Back to Theory
Technical Deep Dive

Unified Multimodal Intelligence for Performance Marketing: Feather DB + Gemini Embedding 2

F
Feather DB Engineering
March 12, 2026 · 9 min read

Interactive · Toggle between architectures

TEXT INDEXIMAGE INDEXVIDEO INDEXTTEXTIIMAGEVVIDEOcreative briefad visualstrategy intelcompetitor advideo transcript
→ 3 separate indexes · manual merge required
TEXT
IMAGE
VIDEO
Hawky.ai · Feather DB v0.5.0

Technical Deep Dive · Hawky.ai Feather DB v0.5.0 · March 2026


Abstract

Modern performance marketing stacks generate three distinct signal types: ad creative content (text briefs, image descriptions, video transcripts), competitive intelligence (competitor creative and messaging moves), and market context (macro events, strategy briefs, social signals). These signals are typically stored in separate systems with no semantic connection, leading to response latency when competitive or macro events require creative adaptation.

This paper describes an architecture combining Hawky.ai's Feather DB v0.5.0 and Google Gemini Embedding 2 (gemini-embedding-exp-03-07) that stores all three signal types in a single unified 768-dimensional vector index, with typed graph edges and adaptive decay-weighted retrieval. We demonstrate four experimental capabilities: cross-modal search, competitor-to-strategy graph traversal, same-ad cross-modal coherence measurement, and passive competitor threat detection — all from a 56-node index stored in a single embedded file with no infrastructure overhead.


1. The Multi-Bucket Problem

1.1 Why Separate Modality Indexes Fail

Most vector database setups store text, image, and video vectors in separate indexes because most embedding models produce incomparable vector spaces.
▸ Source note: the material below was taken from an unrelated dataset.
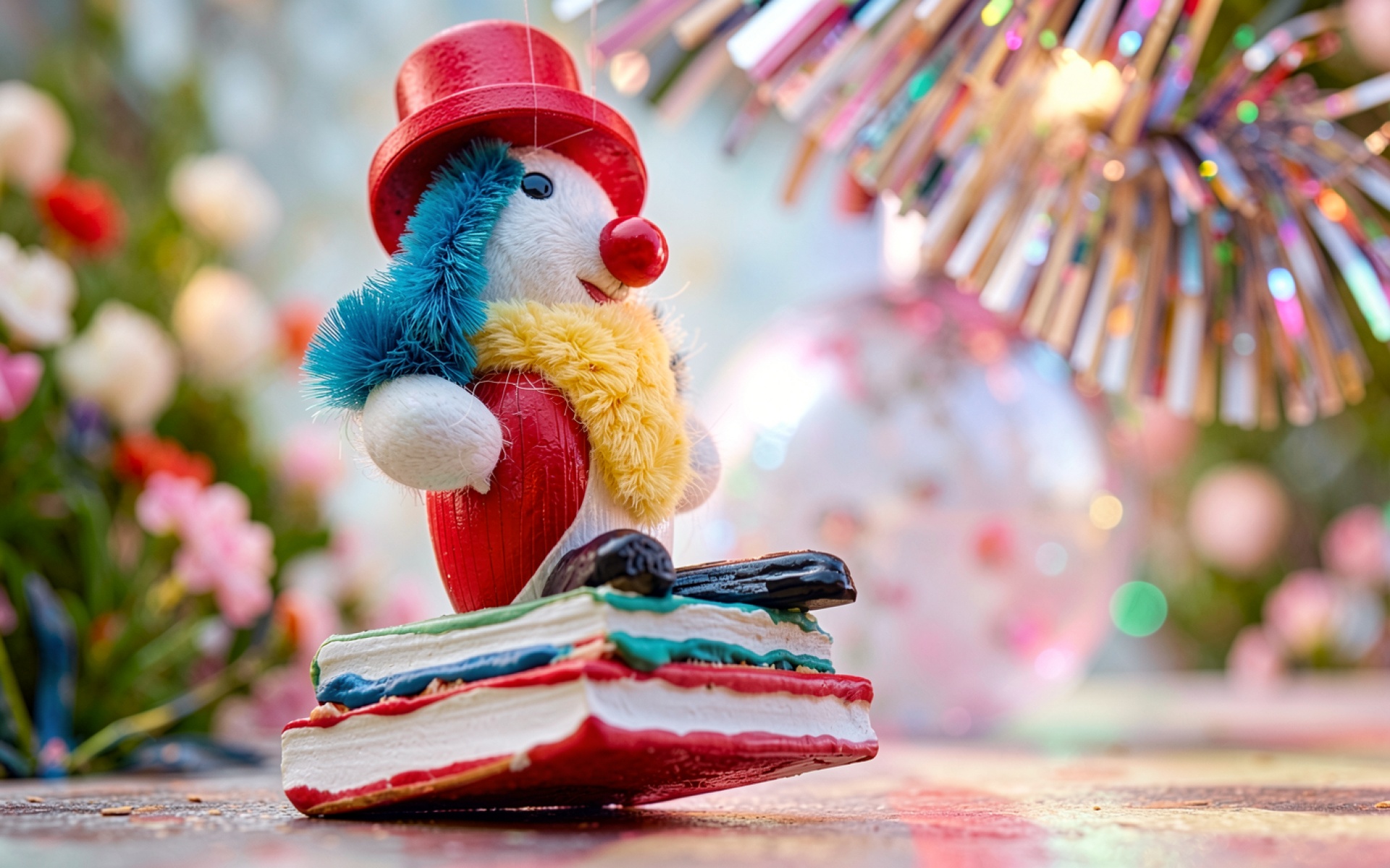 Фигурка снеговика в красном цилиндре на книгах

The inner product between a text-embedding-004 vector and a multimodalembedding@001 vector has no semantic meaning — the two models were trained on different objectives and produce different geometric spaces.

The consequence is a common pattern:

# The multi-bucket pattern — three calls, three indexes, manual merge
text_results  = text_db.search(query_text_vec,   k=5)
image_results = image_db.search(query_image_vec,  k=5)
video_results = video_db.search(query_video_vec,  k=5)
merged        = merge_and_rerank(text_results, image_results, video_results)
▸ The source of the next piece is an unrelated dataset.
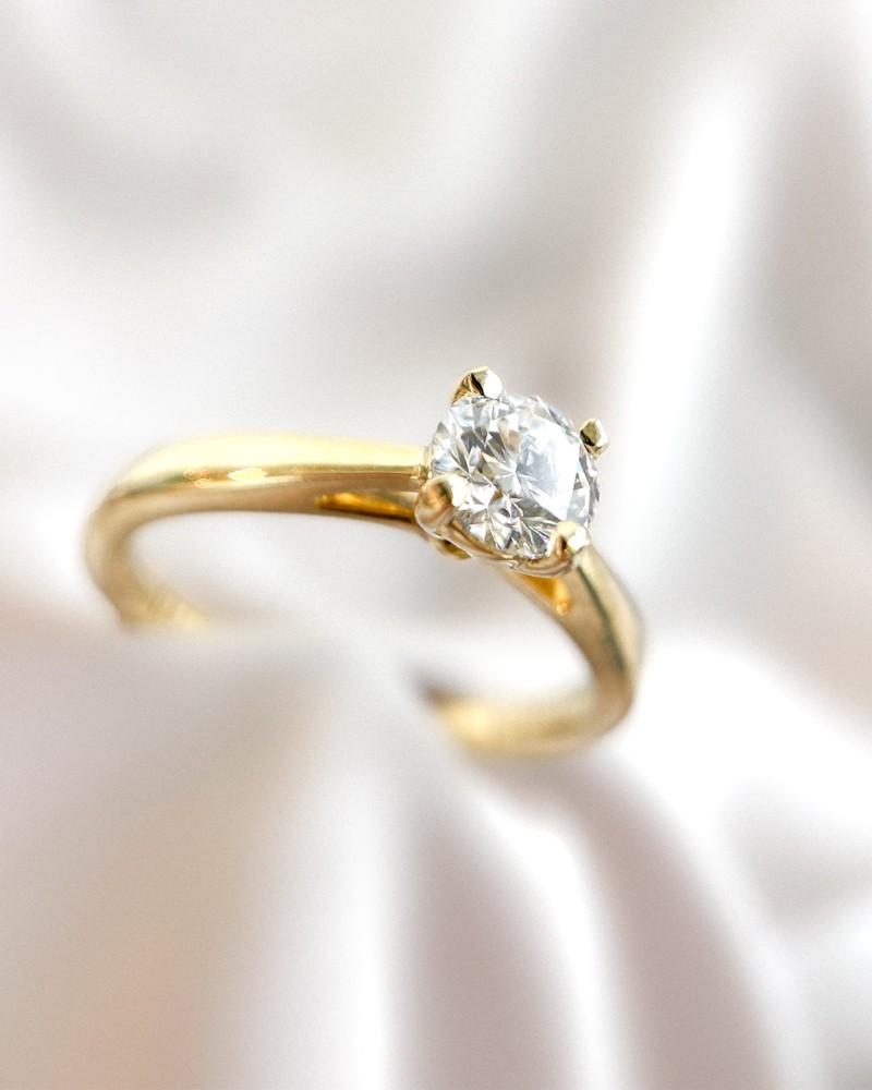 Geelgouden solitair 'Olivia' met 0,75 crt. briljant gemaakt van 18 karaat gerecycled goud.

This creates three structural problems:

  1. Query modality lock-in. A query must be in the same modality as the target index. An image of a competitor's ad cannot surface a text strategy brief without a separate text query, a separate call, and explicit merge logic.
  2. Arbitrary score normalization. The merge step requires a normalization heuristic (e.g., min-max scaling per index, softmax across indexes). Any heuristic is an assumption about the relative value of cross-modal results that the model never learned.
  3. Cross-modal graph complexity. Typed edges connecting an image creative to its text brief (same_ad) require maintaining cross-index ID maps outside the database. Every edge traversal becomes a join between two indexes.

1.2 What Gemini Embedding 2 Changes

gemini-embedding-exp-03-07 is a unified multimodal embedding model. Text, image bytes, and video transcripts all produce 768-dimensional vectors that are directly comparable by cosine similarity.
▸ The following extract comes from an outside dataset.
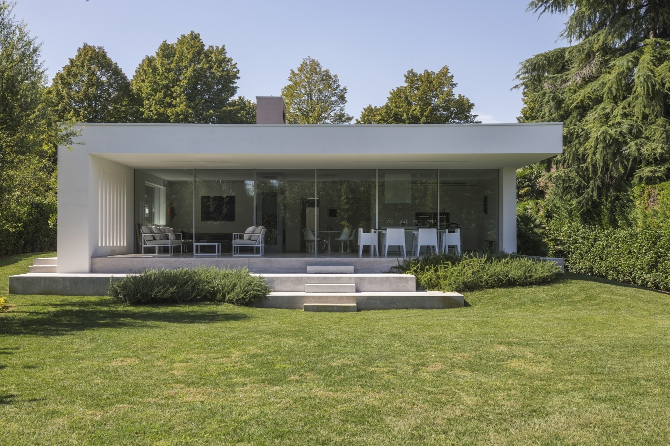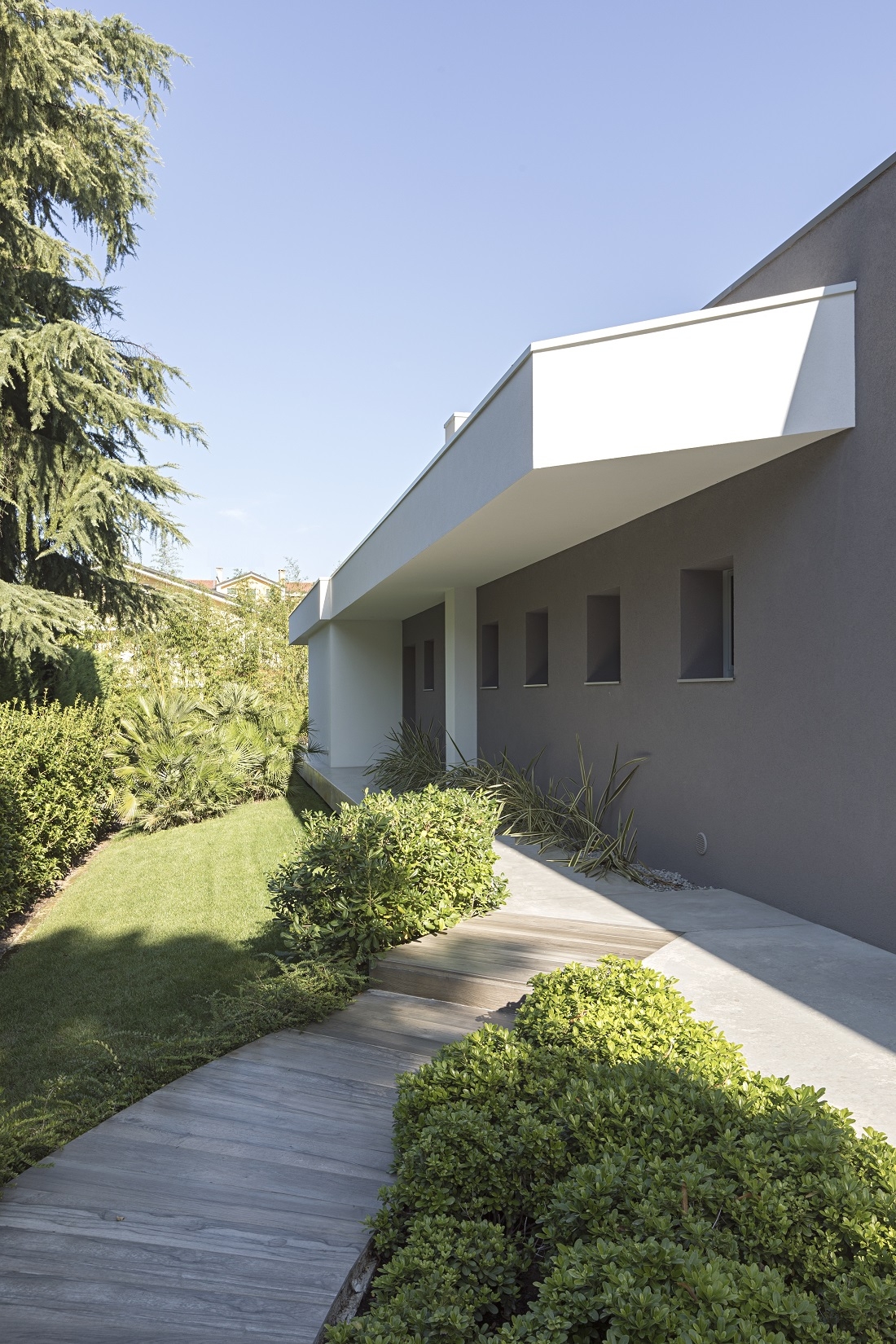 L’idea progettuale ha previsto di creare una villa sviluppata su di un unico piano, “chiusa” sul lato strada e “aperta” verso il giardino retrostante, più intimo e raccolto.

The model was trained with cross-modal contrastive objectives: the text description of an image and the image itself should produce nearby vectors. This alignment is what enables cross-modal search — a text strategy brief and a competitor's image ad can appear in the same result list if their semantic content is similar.

# One index, one call, all modalities ranked together
db  = feather_db.DB.open("unified.feather", dim=768)
emb = GeminiEmbedder(api_key=os.environ["GOOGLE_API_KEY"])

# All three ingest to the same index
db.add(id=1001, vec=emb.embed_text(creative_summary),               meta=text_meta)
db.add(id=2001, vec=emb.embed_image(image_description=visual_desc), meta=image_meta)
db.add(id=3001, vec=emb.embed_video_transcript(transcript),         meta=video_meta)

# One search — text, image, and video nodes ranked together
results = db.search(emb.embed_image(image_description="competitor ad"), k=10)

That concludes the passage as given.